In some parts of the world, tuberculosis is a growing concern because a form of the disease resistant to many antibiotics is on the rise; in other countries like India, where Dr. Lalita Ramakrishnan grew up and earned her medical degree, tuberculosis is considered an endemic disease and never stopped being a problem.
But it was only after Ramakrishnan came to the United States as a medical resident and then earned a Ph.D. in immunology at Tufts School of Medicine in Boston that she decided to focus her work on the disease.
“I really became interested in TB all over again when I was at Stanford,” she said. “We really have an urgent need for new drugs or a vaccine, but there is still a lot about how the disease works that we don’t understand.
“It is a biologically fascinating infection,” she noted, “that most often produces an immune reaction in the body that looks effective, but doesn’t always work. Along with specific information on tuberculosis, we’re seeking answers to questions about general interactions between hosts and pathogens. Why does one person get sick when another exposed person doesn’t, or in tuberculosis, develops what are called granulomas that keep the disease in check so that it is a silent infection for years?”
That silent aspect of TB infection is why the TB test is commonly used to screen populations such as hospital workers. Most active TB infections, about 85 percent, are in the lungs, Ramakrishnan said, but it is a disease that can also show up in other organs or in bones. Many people with a contained, silent, infection will never show symptoms.
In humans, TB is caused by Mycobacterium tuberculosis, a bug that is as difficult to work with as it is persistent in human populations. There have never been good animal models, in part because mice that catch tuberculosis get an acute infection and die immediately.
On the advice of Dr. Stanley Falkow, professor of microbiology and immunology at Stanford and a former UW faculty member, Ramakrishnan went looking for a “bacterial cousin,” a related organism that produces similar disease. She settled on Mycobacterium murinum, a bacterium first identified in 1926 that causes tuberculosis in fish. It grows at the low temperature, but produces a very similar disease, except that it develops much faster. It can cause a skin disease in humans, but one that is easily controlled.
At first she worked with leopard frogs, and learned how to create useful mutations in the bacteria.

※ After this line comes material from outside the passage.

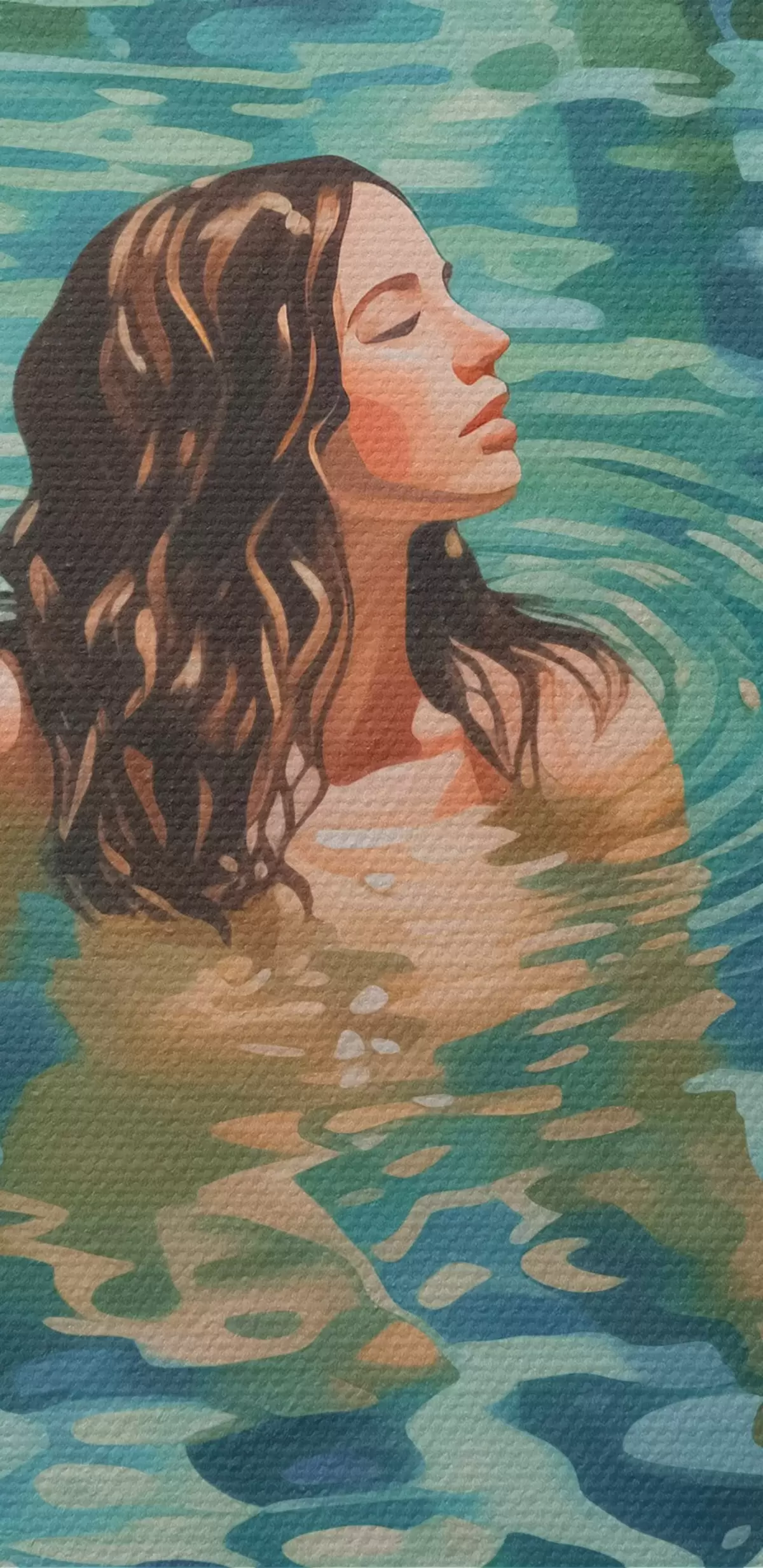 Tableaux rondes Fille dans la piscine imitation peinture r43961
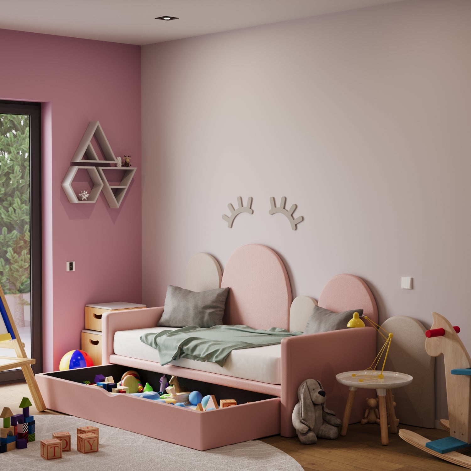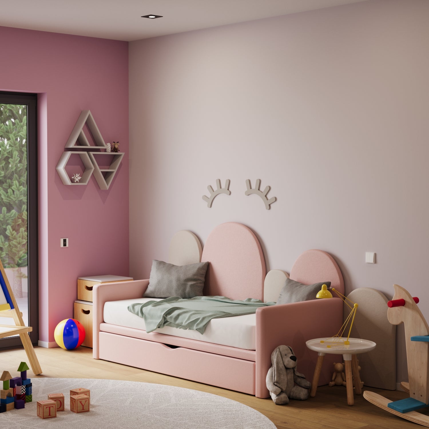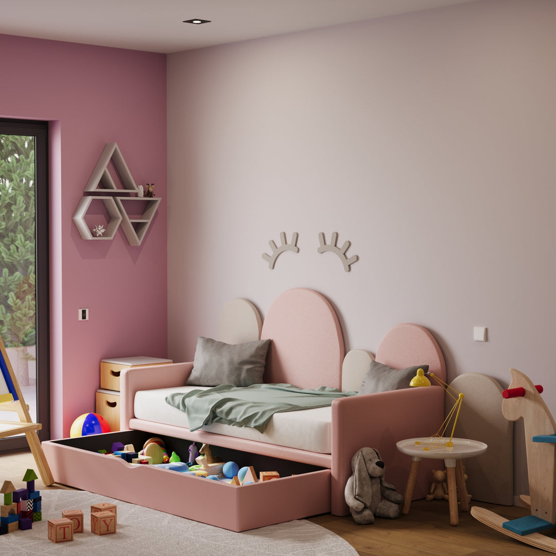 The Glitter Kids Bed was created in collaboration with the irresistible Carina Caldeira. With a unique style, this bed is designed to transform a children's room into a magical and inspiring space. The headboard with waves brings personality and a childish touch so that little ones feel comfort and warmth every night. The drawer is essential for tidying and organizing the room, but it can also be used to place an extra mattress whenever you need it.

By the time she moved to the UW as an assistant professor of microbiology in 2001, she had begun working with zebrafish. Zebrafish are also susceptible to Mycobacterium murinum, or “fish TB,” and they have other advantages as an organism to study. The most obvious is that for the first few weeks of their lives, zebrafish are transparent, so you can literally look right through them.
“We have been able to take the eggs and make time-lapse videos so that we can actually watch the infection develop,” she said.
The other advantage of working with zebrafish is that they have been used for many years for basic developmental studies, so that broad-based genetic screens are available for them.
Ramakrishnan earned her medical degree from Baroda Medical College in Baroda, India, in 1983, and then the Ph.D. in immunology from Tufts. She completed a residency in medicine at New England Medical Center and then was a clinical fellow in infectious diseases at the University of California, San Francisco. In 1992, she went to Stanford as a postdoctoral fellow and was also a senior research scientist there.
In addition to her research work at the UW, she is also an adjunct assistant professor of medicine and an attending physician at UW Medical Center. She is board-certified in internal medicine and infectious disease.